Well, that sounds good in theory, but it appears to be based on research into a key component of milk (the fat), not milk itself. The best of science knows so little about how food reacts in the presence of other foods; it's not surprising that large studies often appear to disprove the received wisdom about something that seemed sound in theory. It could be that fat, by itself, causes high cholesterol and heart disease, but that fat consumed as part of a dairy product is good. In fact, I think that’s likely.

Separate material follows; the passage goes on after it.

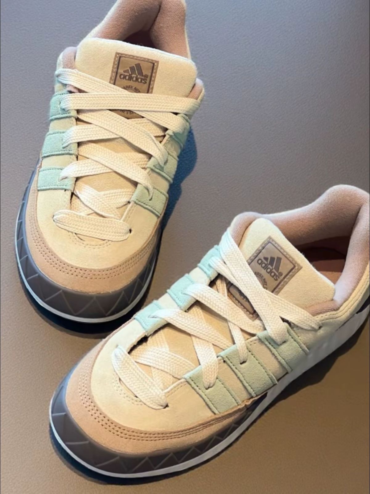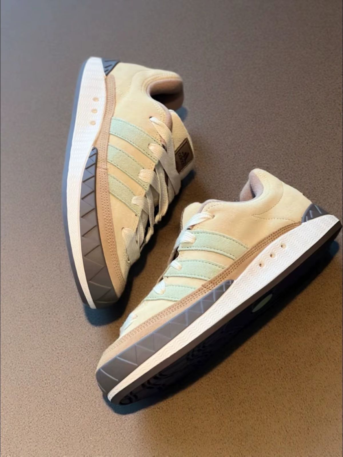 家人们!谁懂啊!挖到一双能穿到天荒地老的宝藏板鞋!就是这双adidas originals Adimatic 白黄配色,真的一眼戳中我这个复古控的心巴! 先说这颜值,“复古鲨鱼面包”这名字可不是白叫的!鞋型圆滚滚的像个胖乎乎的小面包,鞋头微微上翘,侧面还有点鲨鱼嘴的弧度,又萌又酷!白黄配色真的绝了,干净的米白色打底,鞋舌和后跟拼接了暖暖的鹅黄色,不是那种扎眼的亮黄,是带着点做旧感的复古黄,阳光下...
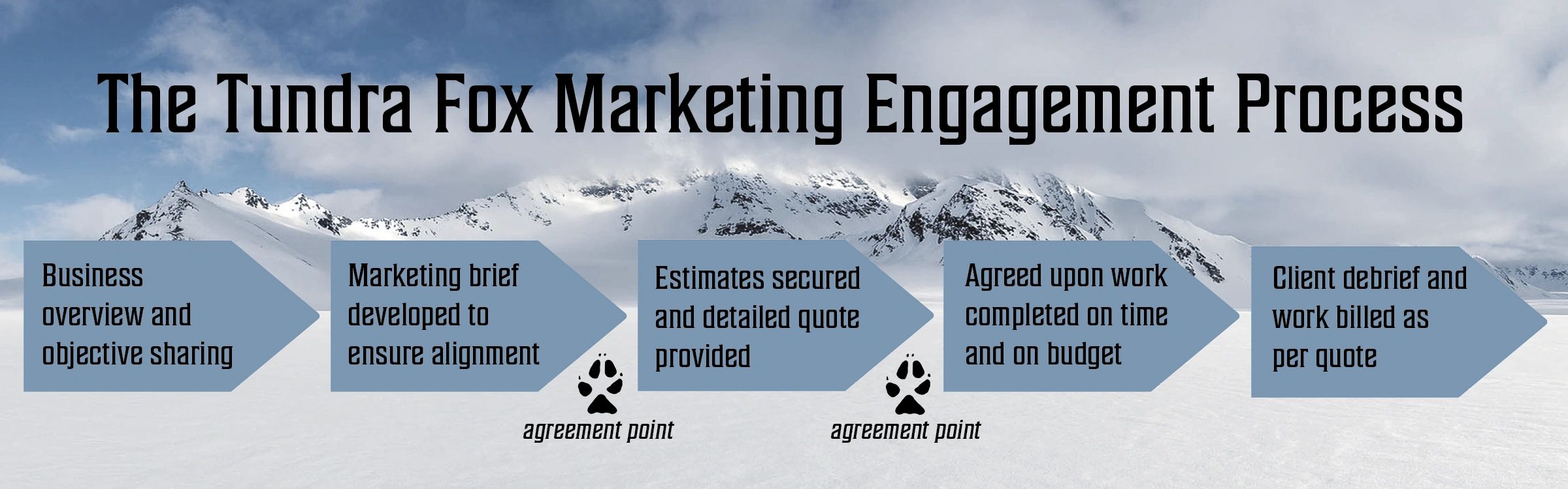 Tundra Fox Marketing uses a business process flow to ensure alignment and transparency with all of our clients. We believe there should be clearly defined marketing objectives and no surprises in our business journey together.

My opinion is converging on something that I first saw articulated by Michael Pollan (“eat food” — i.e. things your grandmother would recognize) and of course by many others in the natural food as well as ancestral health movements. Get as close to nature as you can.  When food is processed, it changes; whether that’s good or bad  — well, it depends. After all, heating something (aka “cooking”) is just a form of processing food. Salt is a type of rock, a mineral that you wouldn’t normally just go eat; but it can be a perfectly safe and healthy food additive. It depends. Still, when in doubt it pays to go back to basics. You step away from tradition at your peril. Thousands of years of dairy tradition — especially it’s associated with your genetic heritage — are not something to lightly deny. 

Bleeding out a natural component of cow’s milk (the fat) is a recent addition to the set of food choices we can make. Do you really know what you’re doing when you deprive your body of something that nature intended?